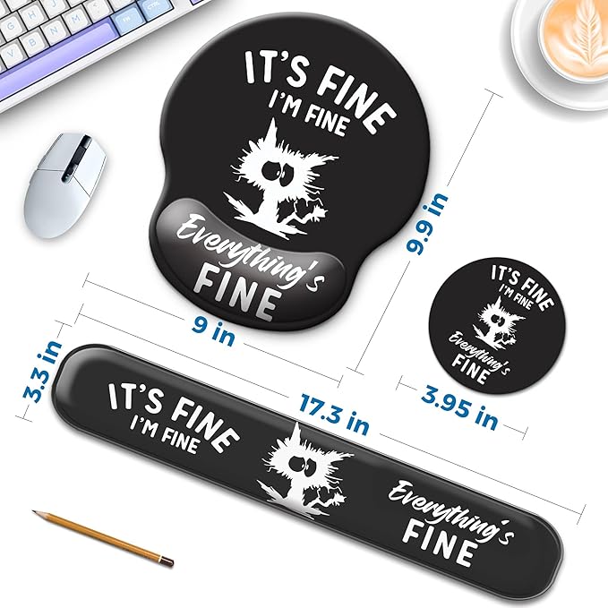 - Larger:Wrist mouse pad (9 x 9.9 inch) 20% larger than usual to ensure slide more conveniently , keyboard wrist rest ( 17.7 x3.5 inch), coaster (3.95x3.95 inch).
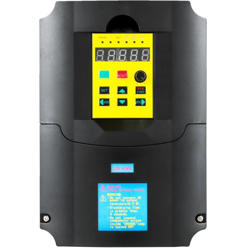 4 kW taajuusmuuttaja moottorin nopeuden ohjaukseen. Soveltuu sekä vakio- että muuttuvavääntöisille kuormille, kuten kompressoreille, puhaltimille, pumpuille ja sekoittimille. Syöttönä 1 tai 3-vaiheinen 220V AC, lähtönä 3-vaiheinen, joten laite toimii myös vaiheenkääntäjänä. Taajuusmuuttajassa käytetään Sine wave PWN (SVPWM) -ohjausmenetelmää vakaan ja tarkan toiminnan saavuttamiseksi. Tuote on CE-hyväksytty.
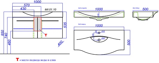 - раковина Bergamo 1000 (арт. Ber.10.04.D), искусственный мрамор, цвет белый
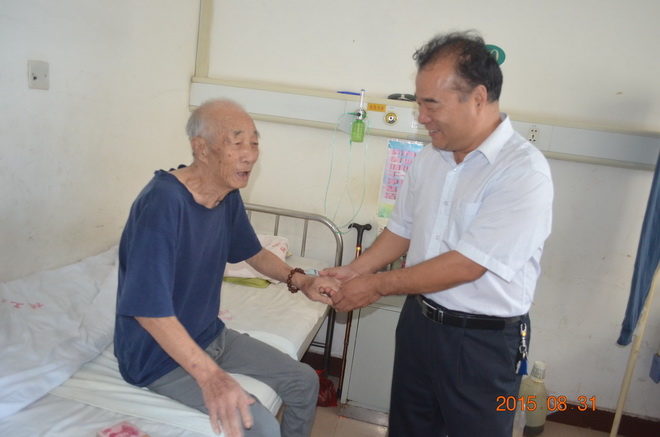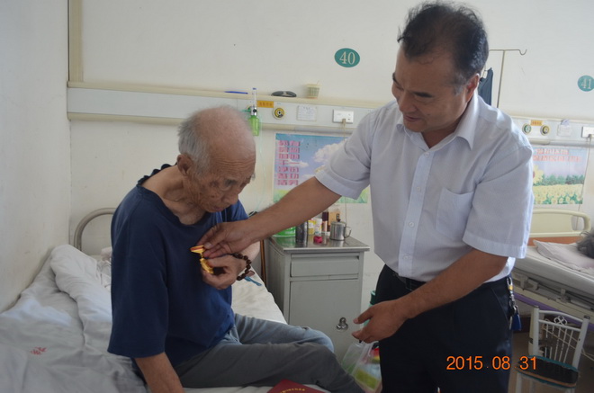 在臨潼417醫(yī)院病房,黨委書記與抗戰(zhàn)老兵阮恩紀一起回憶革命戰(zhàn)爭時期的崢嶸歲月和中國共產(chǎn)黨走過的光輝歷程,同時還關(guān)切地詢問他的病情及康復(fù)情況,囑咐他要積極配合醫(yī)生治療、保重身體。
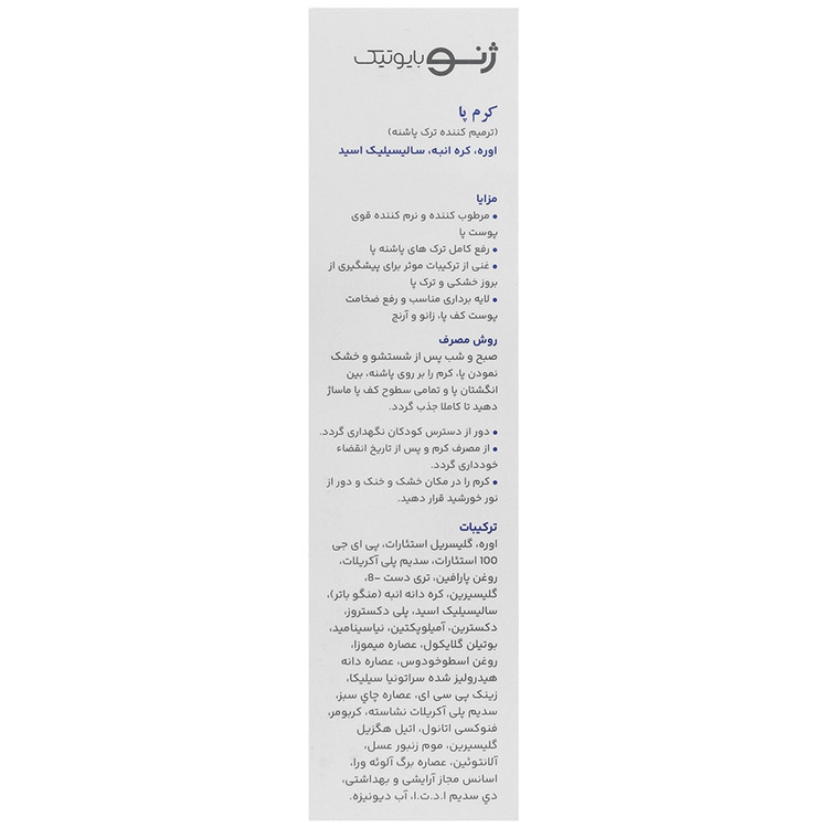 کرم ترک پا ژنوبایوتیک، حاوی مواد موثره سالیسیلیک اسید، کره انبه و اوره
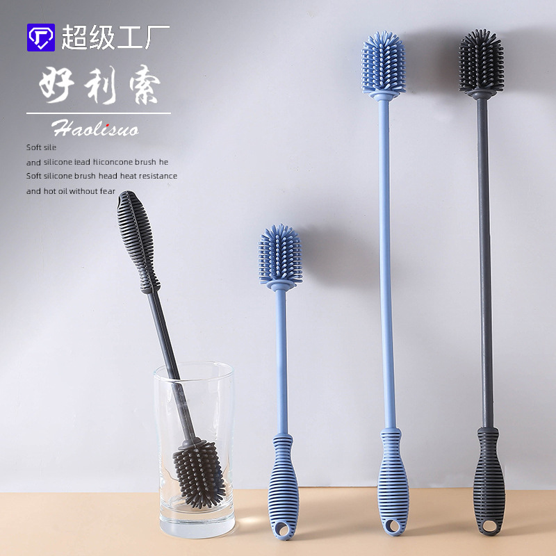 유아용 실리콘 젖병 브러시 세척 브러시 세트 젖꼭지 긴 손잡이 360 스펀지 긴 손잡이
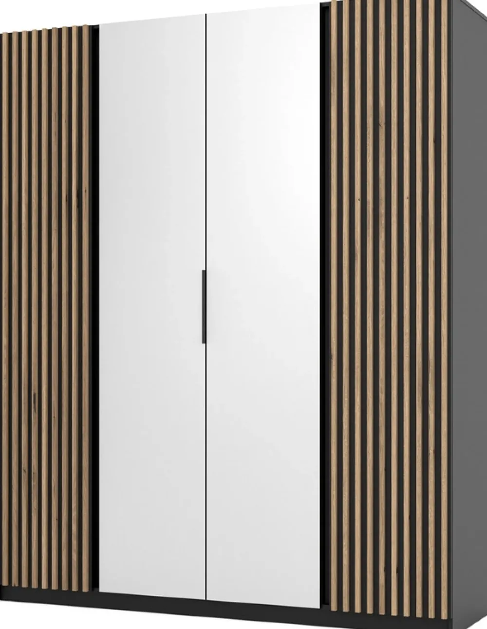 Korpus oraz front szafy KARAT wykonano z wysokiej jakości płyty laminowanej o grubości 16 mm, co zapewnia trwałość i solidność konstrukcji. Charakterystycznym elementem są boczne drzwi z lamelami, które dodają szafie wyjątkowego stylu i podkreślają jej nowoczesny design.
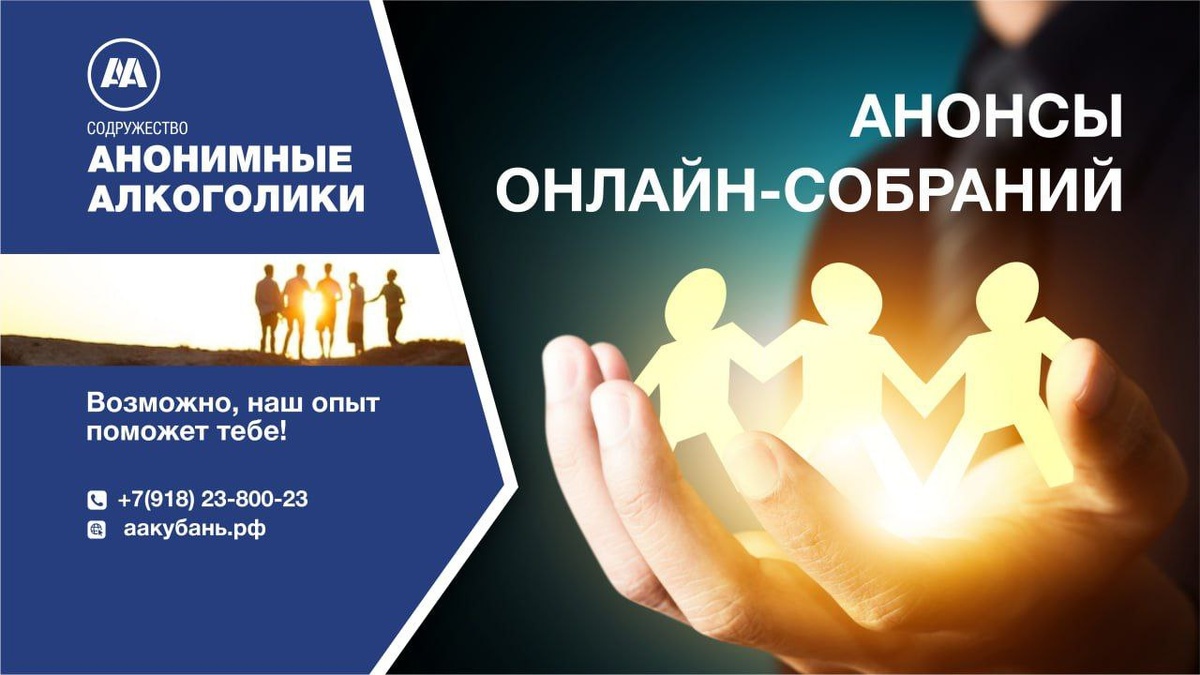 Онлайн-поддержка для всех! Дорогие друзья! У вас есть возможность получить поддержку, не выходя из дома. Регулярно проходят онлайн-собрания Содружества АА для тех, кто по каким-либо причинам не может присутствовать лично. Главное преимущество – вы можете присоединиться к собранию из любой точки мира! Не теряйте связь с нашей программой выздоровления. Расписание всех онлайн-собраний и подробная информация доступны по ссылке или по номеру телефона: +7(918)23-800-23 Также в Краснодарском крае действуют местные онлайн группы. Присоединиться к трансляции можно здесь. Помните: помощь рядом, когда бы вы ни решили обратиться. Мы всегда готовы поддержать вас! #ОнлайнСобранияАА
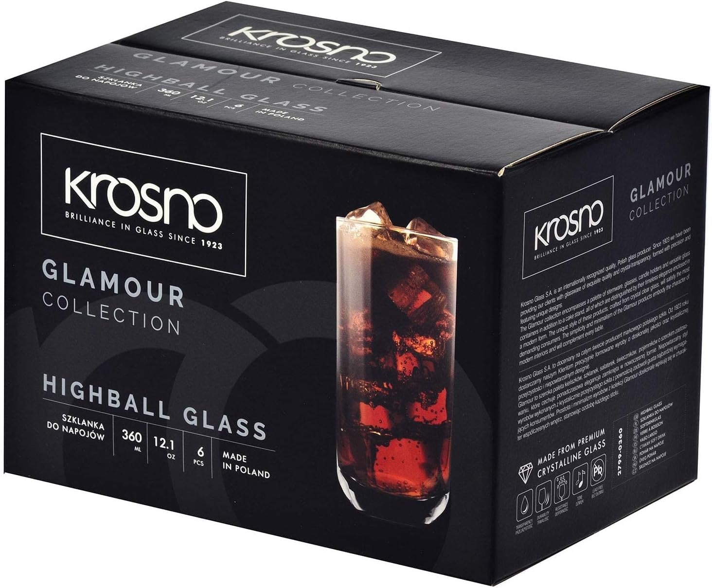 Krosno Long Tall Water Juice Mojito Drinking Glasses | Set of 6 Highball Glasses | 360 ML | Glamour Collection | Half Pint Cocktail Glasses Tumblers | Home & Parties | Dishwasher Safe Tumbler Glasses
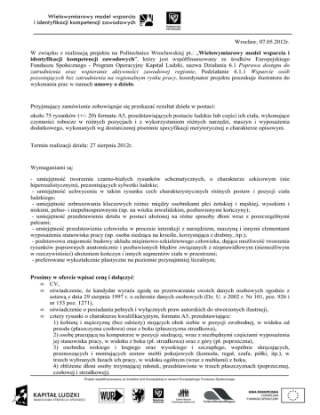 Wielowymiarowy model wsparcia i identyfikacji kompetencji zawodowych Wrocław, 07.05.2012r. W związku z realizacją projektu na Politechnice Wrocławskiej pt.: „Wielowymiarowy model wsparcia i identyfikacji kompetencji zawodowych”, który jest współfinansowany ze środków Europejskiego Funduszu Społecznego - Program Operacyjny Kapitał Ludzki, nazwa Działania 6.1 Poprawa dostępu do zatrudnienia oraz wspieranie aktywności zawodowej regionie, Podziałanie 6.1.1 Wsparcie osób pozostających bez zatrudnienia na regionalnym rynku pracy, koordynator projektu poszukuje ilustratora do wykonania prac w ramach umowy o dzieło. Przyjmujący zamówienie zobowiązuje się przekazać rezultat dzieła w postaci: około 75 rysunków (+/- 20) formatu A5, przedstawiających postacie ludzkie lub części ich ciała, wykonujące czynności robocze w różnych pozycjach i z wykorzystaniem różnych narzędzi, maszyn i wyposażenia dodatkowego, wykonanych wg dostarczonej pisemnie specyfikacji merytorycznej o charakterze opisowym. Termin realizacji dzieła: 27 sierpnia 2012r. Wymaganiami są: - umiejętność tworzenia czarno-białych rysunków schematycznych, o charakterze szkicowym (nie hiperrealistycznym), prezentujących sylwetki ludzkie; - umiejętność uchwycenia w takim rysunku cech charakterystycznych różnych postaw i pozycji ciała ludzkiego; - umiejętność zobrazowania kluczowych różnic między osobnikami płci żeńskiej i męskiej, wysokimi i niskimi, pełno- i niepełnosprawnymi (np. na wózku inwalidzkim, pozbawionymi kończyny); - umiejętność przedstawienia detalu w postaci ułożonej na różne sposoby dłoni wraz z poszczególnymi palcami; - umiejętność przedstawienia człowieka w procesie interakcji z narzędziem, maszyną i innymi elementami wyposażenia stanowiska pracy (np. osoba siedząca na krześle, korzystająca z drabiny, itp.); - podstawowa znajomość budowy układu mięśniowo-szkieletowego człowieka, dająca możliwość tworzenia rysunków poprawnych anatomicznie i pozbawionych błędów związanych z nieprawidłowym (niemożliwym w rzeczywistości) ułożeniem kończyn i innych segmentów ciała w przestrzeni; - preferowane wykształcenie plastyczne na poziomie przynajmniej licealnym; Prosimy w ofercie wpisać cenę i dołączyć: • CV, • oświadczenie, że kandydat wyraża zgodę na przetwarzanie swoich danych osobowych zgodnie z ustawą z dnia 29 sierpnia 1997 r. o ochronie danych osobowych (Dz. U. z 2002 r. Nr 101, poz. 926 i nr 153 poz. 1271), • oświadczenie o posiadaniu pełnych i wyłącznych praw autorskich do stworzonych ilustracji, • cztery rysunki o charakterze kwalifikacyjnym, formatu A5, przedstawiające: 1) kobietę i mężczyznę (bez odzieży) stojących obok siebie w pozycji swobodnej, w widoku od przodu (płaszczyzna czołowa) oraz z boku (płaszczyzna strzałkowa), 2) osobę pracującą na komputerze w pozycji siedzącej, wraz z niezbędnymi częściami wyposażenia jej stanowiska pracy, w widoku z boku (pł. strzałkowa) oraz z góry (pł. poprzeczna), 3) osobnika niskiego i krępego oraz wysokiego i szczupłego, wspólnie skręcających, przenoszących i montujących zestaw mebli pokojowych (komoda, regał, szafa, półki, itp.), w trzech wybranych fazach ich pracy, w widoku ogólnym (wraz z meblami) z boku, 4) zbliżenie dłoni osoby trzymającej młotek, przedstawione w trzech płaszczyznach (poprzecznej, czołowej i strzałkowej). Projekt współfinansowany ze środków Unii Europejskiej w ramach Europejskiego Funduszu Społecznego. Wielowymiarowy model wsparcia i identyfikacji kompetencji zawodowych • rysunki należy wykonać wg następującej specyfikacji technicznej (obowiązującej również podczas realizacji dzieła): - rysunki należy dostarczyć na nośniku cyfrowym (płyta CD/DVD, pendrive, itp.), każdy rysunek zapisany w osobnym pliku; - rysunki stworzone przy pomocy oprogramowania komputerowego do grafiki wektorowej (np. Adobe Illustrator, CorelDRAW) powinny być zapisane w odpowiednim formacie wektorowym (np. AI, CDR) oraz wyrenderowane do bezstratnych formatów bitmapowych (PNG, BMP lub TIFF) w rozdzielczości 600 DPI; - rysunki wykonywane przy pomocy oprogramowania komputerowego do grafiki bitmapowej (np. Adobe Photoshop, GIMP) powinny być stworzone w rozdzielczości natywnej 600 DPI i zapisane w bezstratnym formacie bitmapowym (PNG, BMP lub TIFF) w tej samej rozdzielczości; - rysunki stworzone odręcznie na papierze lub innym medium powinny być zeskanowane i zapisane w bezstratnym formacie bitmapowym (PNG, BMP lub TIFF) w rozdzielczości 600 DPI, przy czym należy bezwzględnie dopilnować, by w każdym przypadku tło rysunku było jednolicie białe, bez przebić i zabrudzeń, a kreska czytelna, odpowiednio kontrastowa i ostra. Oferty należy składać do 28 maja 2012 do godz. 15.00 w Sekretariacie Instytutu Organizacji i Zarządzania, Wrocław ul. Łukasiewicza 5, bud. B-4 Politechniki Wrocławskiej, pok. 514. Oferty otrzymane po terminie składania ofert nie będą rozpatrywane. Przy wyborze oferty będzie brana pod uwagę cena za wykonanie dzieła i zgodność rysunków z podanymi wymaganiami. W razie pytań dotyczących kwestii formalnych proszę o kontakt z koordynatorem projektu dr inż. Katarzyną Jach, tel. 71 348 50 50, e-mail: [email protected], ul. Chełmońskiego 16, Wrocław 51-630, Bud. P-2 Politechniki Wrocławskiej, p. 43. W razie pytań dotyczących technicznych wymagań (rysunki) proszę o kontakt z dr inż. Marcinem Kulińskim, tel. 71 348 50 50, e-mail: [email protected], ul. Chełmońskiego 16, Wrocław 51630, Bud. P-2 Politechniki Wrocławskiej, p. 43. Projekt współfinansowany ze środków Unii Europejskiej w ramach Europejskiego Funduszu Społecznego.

• • • • • • •

Both boundary lines included, write out word for word only the lines above from the one containing "在臨潼417醫(yī)院病房" to the one containing "Korpus oraz front", leaving out any pictures.

Task answer:
 在臨潼417醫(yī)院病房,黨委書記與抗戰(zhàn)老兵阮恩紀一起回憶革命戰(zhàn)爭時期的崢嶸歲月和中國共產(chǎn)黨走過的光輝歷程,同時還關(guān)切地詢問他的病情及康復(fù)情況,囑咐他要積極配合醫(yī)生治療、保重身體。
 کرم ترک پا ژنوبایوتیک، حاوی مواد موثره سالیسیلیک اسید، کره انبه و اوره
 유아용 실리콘 젖병 브러시 세척 브러시 세트 젖꼭지 긴 손잡이 360 스펀지 긴 손잡이
 Korpus oraz front szafy KARAT wykonano z wysokiej jakości płyty laminowanej o grubości 16 mm, co zapewnia trwałość i solidność konstrukcji. Charakterystycznym elementem są boczne drzwi z lamelami, które dodają szafie wyjątkowego stylu i podkreślają jej nowoczesny design.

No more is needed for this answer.